* Work order
Could you give back exactly the lines below from the one with "La Unión, Gro., (Noviembre" through the one with "2010/3/27(6:17) 椰子の実記念碑(曲)。 国民歌謡「椰子の実」は、昭和11年、「島崎", without a single picture?

(Raw data Opens)

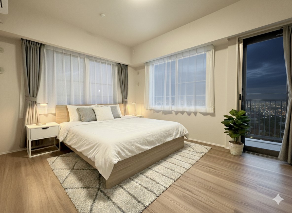 大容量の収納がある寝室。広々としたスペースでご家族の主寝室として、趣味のスペースなど多目的な用途に使用することができます! ※家具はイメージです。
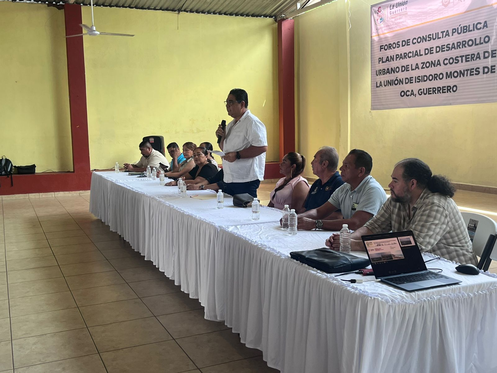 La Unión, Gro., (Noviembre 15, 2025).- Con el firme propósito de construir un desarrollo urbano ordenado y sustentable, el presidente municipal de La Unión, José Francisco Suazo Espino, encabezó el Foro de Consulta Pública para el Plan de Desarrollo Urbano de la zona costera de Isidoro Montes de Oca, un espacio abierto para que habitantes, sectores productivos y representantes sociales aportaran sus ideas y necesidades.
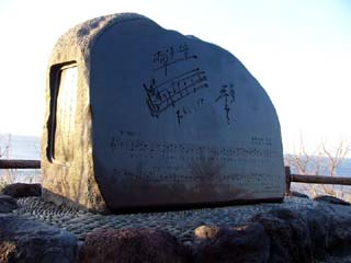 2010/3/27(6:17) 椰子の実記念碑(曲)。 国民歌謡「椰子の実」は、昭和11年、「島崎 藤村」の詩に「大中寅二」が作曲。NHKの国民 歌謡として全国に放送され、人々に愛される歌に なったとのこと。 |
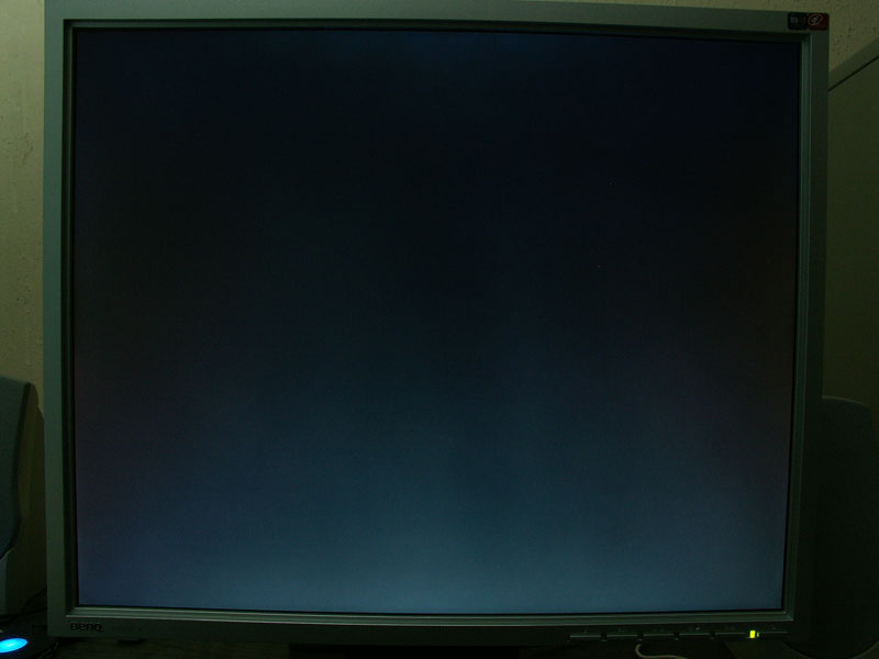 Die Helligkeitsverteilung bei schwarzem Bildschirm lässt auch bei minimaler Helligkeitseinstellung zu wünschen übrig - leider fehlen mir echte Vergleiche, da dies mein erster Desktop-TFT ist. Am unteren Bildrand findet man einen ca. 5-10 cm breiten, hellen Saum (siehe angehängtes Bild). Das übrige Bild zeigt ein relativ gleichmäßiges schwarz.

(Raw data Closes)

* Response
 La Unión, Gro., (Noviembre 15, 2025).- Con el firme propósito de construir un desarrollo urbano ordenado y sustentable, el presidente municipal de La Unión, José Francisco Suazo Espino, encabezó el Foro de Consulta Pública para el Plan de Desarrollo Urbano de la zona costera de Isidoro Montes de Oca, un espacio abierto para que habitantes, sectores productivos y representantes sociales aportaran sus ideas y necesidades.
 2010/3/27(6:17) 椰子の実記念碑(曲)。 国民歌謡「椰子の実」は、昭和11年、「島崎 藤村」の詩に「大中寅二」が作曲。NHKの国民 歌謡として全国に放送され、人々に愛される歌に なったとのこと。 |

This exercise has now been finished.